Scott Endersby

Personal information
- Full name: Scott Ian Glenn Endersby
- Date of birth: 20 February 1962 (age 64)
- Place of birth: Lewisham, England
- Height: 5 ft 10 in (1.78 m)
- Position: Goalkeeper

Senior career*
- Years: Team / Apps / (Gls)
- Irthlingborough Diamonds
- 0000–1979: Kettering Town
- 1979–1981: Ipswich Town / 0 / (0)
- 1981–1983: Tranmere Rovers / 79 / (0)
- 1983–1985: Swindon Town / 85 / (0)
- 1985–1987: Carlisle United / 52 / (0)
- 1987–1990: York City / 35 / (0)
- 1987–1988: → Cardiff City (loan) / 4 / (0)
- 1988–1989: → Rochdale (loan) / 0 / (0)
- Total:  / 255 / (0)

International career
- 1979: England Youth / 2 / (0)

= Scott Endersby =

English footballer (born 1962)

Scott Ian Glenn Endersby (born 20 February 1962) is an English former professional footballer who played as a goalkeeper. He played in the Football League for Tranmere Rovers, Swindon Town, Carlisle United, York City and Cardiff City.

==Club career==
Born in Lewisham, County of London, Endersby started his career in non-League football when playing for Irthlingborough Diamonds and Kettering Town. With Kettering, he was 15 years and 288 days old when playing in the FA Cup first round against Tilbury on 26 November 1977. Record books credited him with being the youngest player to appear in the FA Cup proper, although some statisticians argued this claim was invalid, with the Football Association declaring the result of the match void due to Kettering fielding an ineligible player. However, Endersby did play in the replay nine days later.

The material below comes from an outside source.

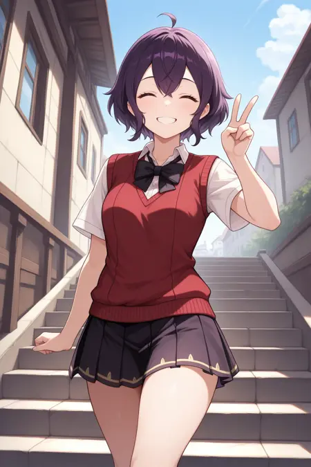 为她的《英雄》重制版造型添加:“defmg, ahoge, 深紫色头发, 短发, 发丝垂于眼睛间, 紫色眼睛, 黑色连衣裙, 短款连衣裙, 披风下垂, 双色连衣裙, 长袖, 黑色袖子, 黑色手套, 白色盔甲, 紫色腰带, 白色过膝袜, 棕色靴子, 膝盖靴”。

He earned a Football League move after signing for Ipswich Town in March 1979 for a fee of £8,000. He failed to make any league appearances for Ipswich before signing for Tranmere Rovers in July 1981. Having made 79 league appearances in two seasons with Tranmere, Endersby signed for Swindon Town in August 1983. He signed for Carlisle United in November 1985, initially on loan, having made 85 league appearances for Swindon.

After making 52 league appearances for Carlisle, Endersby signed for York City in July 1987. He made his debut in York's 1–0 defeat away at Brighton & Hove Albion on 15 August 1987, but his chances in the team were limited after Chris Marples established himself. Endersby was transfer listed in December 1987 for disciplinary reasons, and later that month joined Cardiff City on loan, where he made four league appearances. He finished the 1987–88 season with 42 appearances for York.

After a spell on loan with Rochdale starting in December 1988, in which he made no league appearances, he went part-time with York in May 1989. He finished his second season at York with a single appearance, against Wrexham in a 1–0 home win on 14 March 1989. Endersby left the club in April 1990 to enter a pub management course before working as a chef.

==International career==
Endersby was capped by the England national youth team in 1980 while an Ipswich player.